Divorce being theoretically possible and divorce being socially acceptable aren't the same thing.
Yes, and how often some of them seem to get caught out in sexual misdemeanours...
TLW was very much the theme at the church I attended all those lustra ago, but IIRC the clergy were all Happily Married to Lovely Wives (one each, that is).
The worst ones are the ones who had a wild time of wine, women and more women themselves, then repented, and are urging young people not to make the same mistakes they did.
Win-win for them - lots of youthful sex AND a good testimony to trot out.
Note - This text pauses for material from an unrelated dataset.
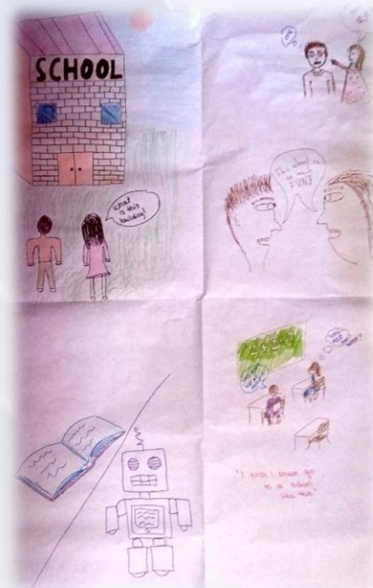
Example of the comic from the activity „The fun they had"

Third day of the meeting was a day for Slovakian literary workshops during which students became detectives! They were given a task of finding a specific book in a library, following clues hidden in various books. When they found the final book "I'll give you the sun", one of the tasks was to create an internal monologue for the main characters. Next activity was called Pantomime a story . Each group was given an excerpt of the story; they had to read it, pantomime it and record it, after which they were all trying to arrange it in the correct order to create a storyline. The third activity, named by the story by Isaac Asimov The fun they had , started with the pre-activity in which each group was on a mission to recognize as many books as they could from a collage of pictures. Student's next task was to read the story, place main characters from future to the present and illustrate it in a comic.

Not such a win-win for anyone who listens to them and ends up with neither sex nor a juicy "Jesus Saved Me from My Life of Sin and Debauchery" story and all the Good Christian Brownie points that accrue from their testimony.
I think amongst Evangelicalism a lot of it is down to very rigid gender roles and also an absolute terror of single people being secretly gay. Certainly there are plenty of churches that would never even contemplate a single man as clergy or a senior member of staff for that reason.
'Cause there's no history of evangelical gay men entering opposite sex marriages and then getting caught in flagrante with the pool boy [other young hunky men are available].
Religious groups can find it difficult to have social activities which draw in the unattached. Until they are much older.
Which reminds me I have to go and pay some bills, see if I can get the dashcam to work, and set up the dishwasher.
*It was a party. There was a drink in a bowl. Someone had been somewhere where it wasn't monitored properly!.